The cage door is more open than it’s ever been.
It’s not a tease. It’s real. “Taste and see that God is good.“
__________
Daniel Zeigler
Why are revolutions almost always led by the young?
Youth looks at the world with fresh eyes, sees it for what it is, and dares to hope that change is possible. The young instinctively believe that the risk is worth taking. They scoff when they hear the older establishment counsel, “Accept things as they are. When we were young, we were just as idealistic as you. But by the time you’re our age, you’ll be just like us. Settle down and wait your turn. You’ll see we’re right.”
Those words jolt the young like a painful electric shock. They don’t want to lose hope. They want to believe, to impact their world.
But a sad fate can overtake someone when they repeatedly receive “shocks” of discouragement, criticism, and failure:
Learned helplessness.
In his book The System or the Ecosystem, Michael Peters tells the story of a disturbing series of experiments conducted in Martin Seligman’s lab at the University of Pennsylvania in the 1960s and 70s. The researchers administered painful electric shocks at random intervals to caged dogs. At first, the animals jumped, howled, and struggled to get out of the cage. But soon, many dogs responded to the inescapable shocks by growing passive, groveling and whimpering, and abandoning all attempts to escape—even when the cage door was open.
If the research strikes you as cruel and unethical, you’re not alone. Although those experiments were accepted at the time, no institutional review board in America would approve them today. But the research allowed Seligman to develop a theory of learned helplessness. He proposed that humans—like the dogs in his experiments—give up trying if they believe their actions don’t matter, anyway.
Can you relate?
When you’re young, it looks like the brass ring of changing the world is dangling right in front of you, just waiting for someone to grasp it. You even dare to believe that you might be that someone. But it doesn’t work out quite the way you envisioned. For one thing, you underestimate the pain that inevitably accompanies a world changer. For another, you quickly discover that existing institutions have a vested interest in maintaining the status quo and have no intention of allowing you to challenge it. You try and fail. You try again, and somebody slaps you down and tells you to get back in line. Eventually, you learn to feel helpless.

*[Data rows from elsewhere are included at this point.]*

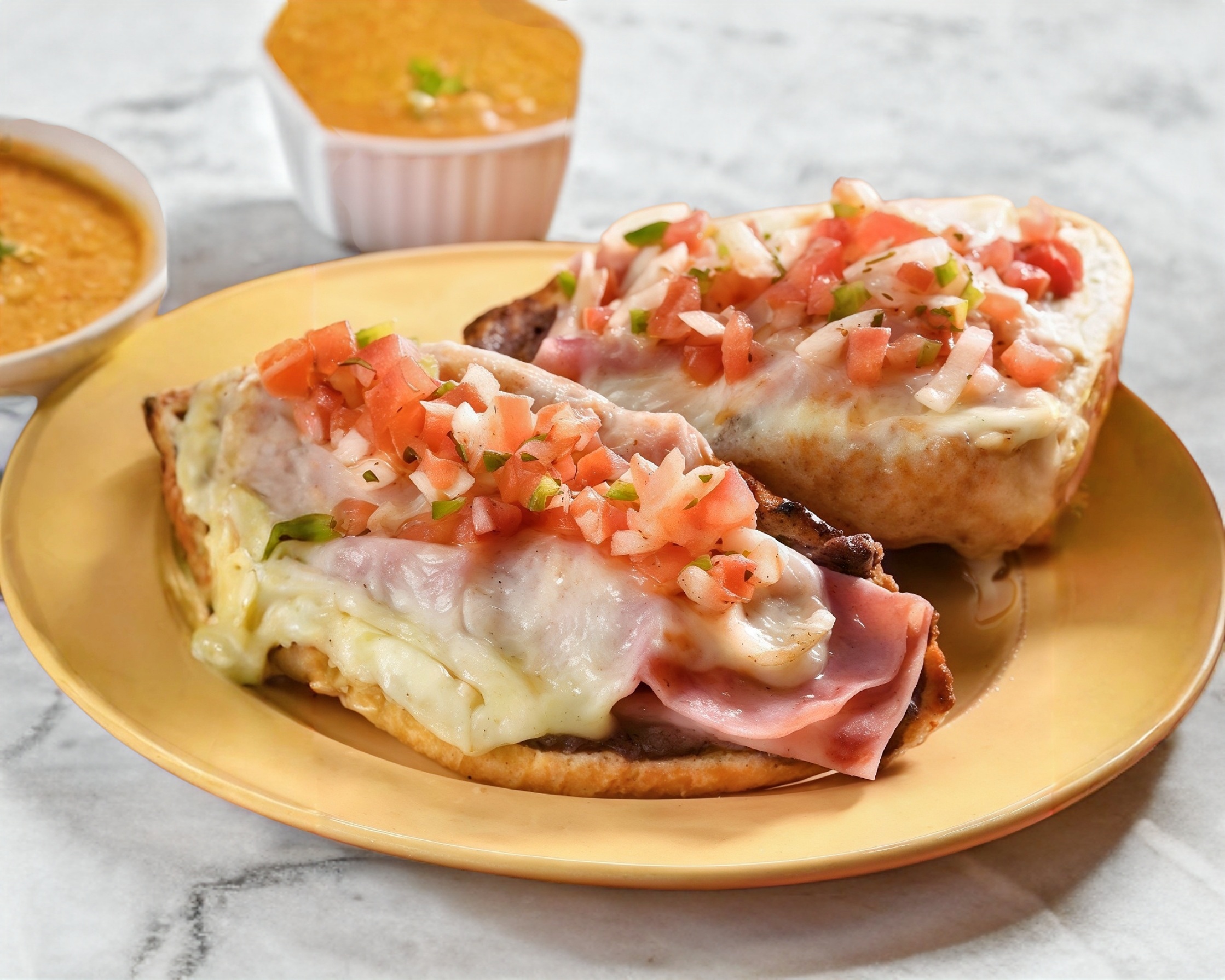 3 Molletes con jamón, frijoles bayos refritos, acompañados de pico de gallo.
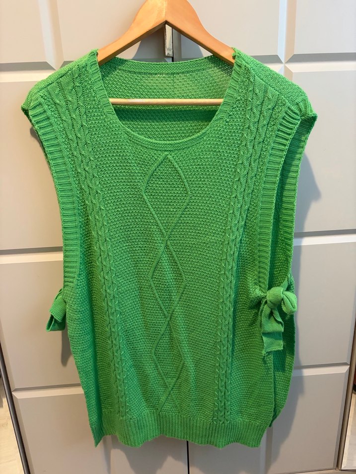 Yeşil renkli, örgü dokulu, kolsuz süveter. Yuvarlak yaka ve bol kesim ile rahat bir görünüm sunar. Yanlarda fiyonk detayları bulunur.
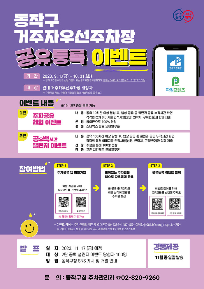[시민일보 = 여영준 기자] 서울 동작구(구청장 박일하)는 주차난 해소 및 공유주차 문화 확산을 위해 오는 9~10월 거주자우선주차장 공유 이벤트를 진행한다고 28일 밝혔다.
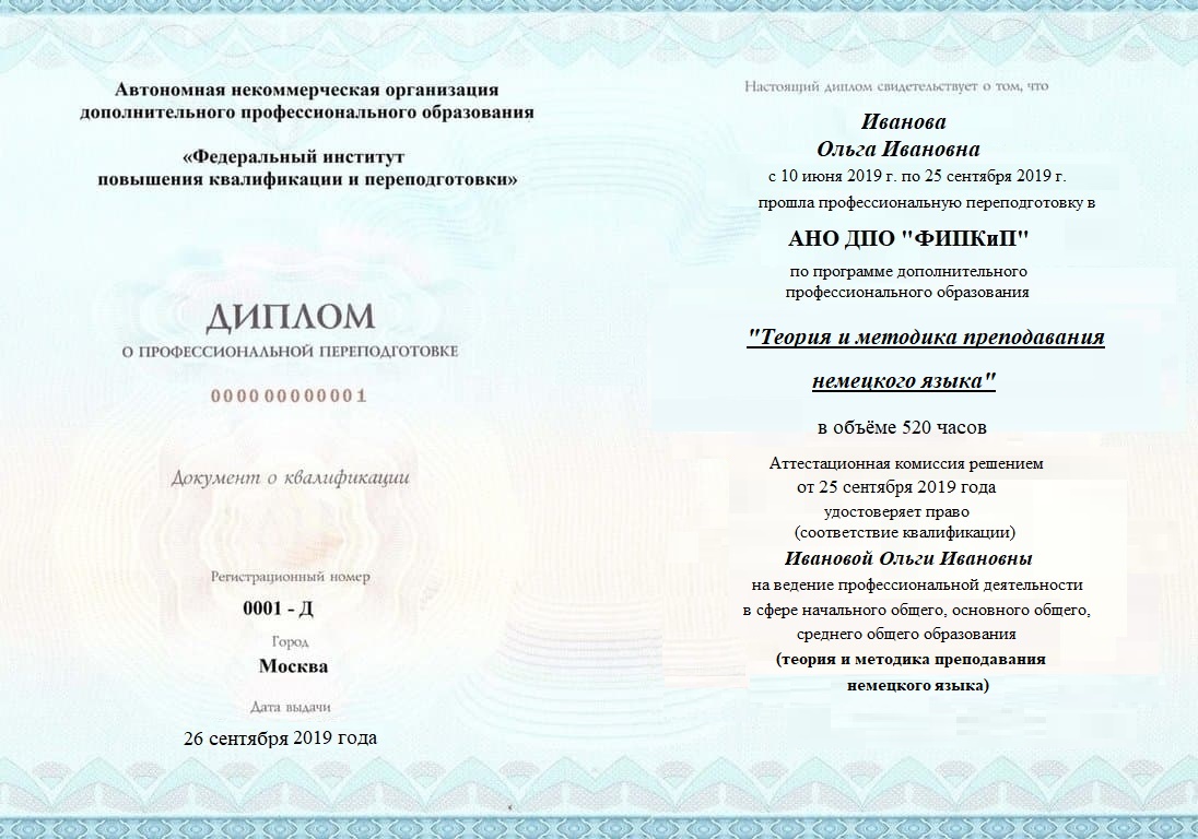 Диплом о профессиональной переподготовке, дающий право на ведение профессиональной деятельности в избранной сфере.

That’s why Peters specifically addresses Gen Z in his Ecosystem book—they’ve yet to learn helplessness. He calls them “the courage generation.” I believe him. Gen Z just might be dauntless enough to trigger a much-needed revolution in Christianity. As Peters puts it: “They are the first generation in centuries who might actually say…‛No matter what anyone else does, let’s do it the way Jesus did it.’”
I’m not directing my words at Gen Z, though. I’m looking squarely at us thirty-somethings and beyond—well beyond in my case. Let’s become young again. Let’s challenge ourselves to shrug off “learned helplessness.” Let’s hope. Believe. Risk. Dare. Care.
At a recent conference, the keynote speaker recalled a week in her life that was almost too much to bear. A series of blows struck her adult children—marital problems, health scares, spiritual crises.
I cried twice during her presentation. First, when she talked about her pain. Second, when she described choosing a counselor living in a different city than her home. Her reason? “You can’t tell your ‘church friends’ about things like that.” And the audience nodded, murmuring their agreement. I say that’s tragic.
The Life that Jesus pioneered was never meant to look that way. Our first-century brothers and sisters experienced heartaches, too. But they:
“…were together and had everything in common” (Acts 2:44)
“…rejoiced with those who rejoice and mourned with those who mourn” (Romans 12:15)
“…carried each other’s burdens and so fulfilled the law of Christ” (Galatians 6:2).
But those passages don’t match the experience of most people today. They’ve learned over time that to betoo vulnerable with their “church friends” invites judgment. Whispers. Gossip. Exclusion. As the conference speaker put it, “If you share things like that, people will never look at you the same again.”
The audience knew exactly what she meant. A few, like me, thought, “It doesn’t have to be that way!” But most simply accepted her viewpoint. After years of disappointment, they no longer expected “church” to mean a family where everyone is “like-minded, having the same love, being one in spirit and of one mind…in humility, valuing others above themselves, not looking to their own interests but each to the interests of others.” They’d given up on experiencing the first-century Life as an idealistic dream.
May I offer an antidote?
Love.
If we chase “success,” we can be bitterly disappointed. We may find ourselves right back in Seligman’s cage. But if instead we relentlessly offer our lives to Jesus, simply because we love Him and long to see “the Lamb receive the reward of His suffering,” how can we fail at that?
Believers from the Millennial, X, and Boomer generations, I’m calling on us to jettison our disillusionment and the apathy it breeds. Let’s believe that the Life Jesus showed the Twelve—and that the resurrected Jesus passed on to the 120 and the 3000 and beyond—is possible in our day. If He is our help and shield, we need never feel helpless again.Caption: “Come on. It’s worth the risk.”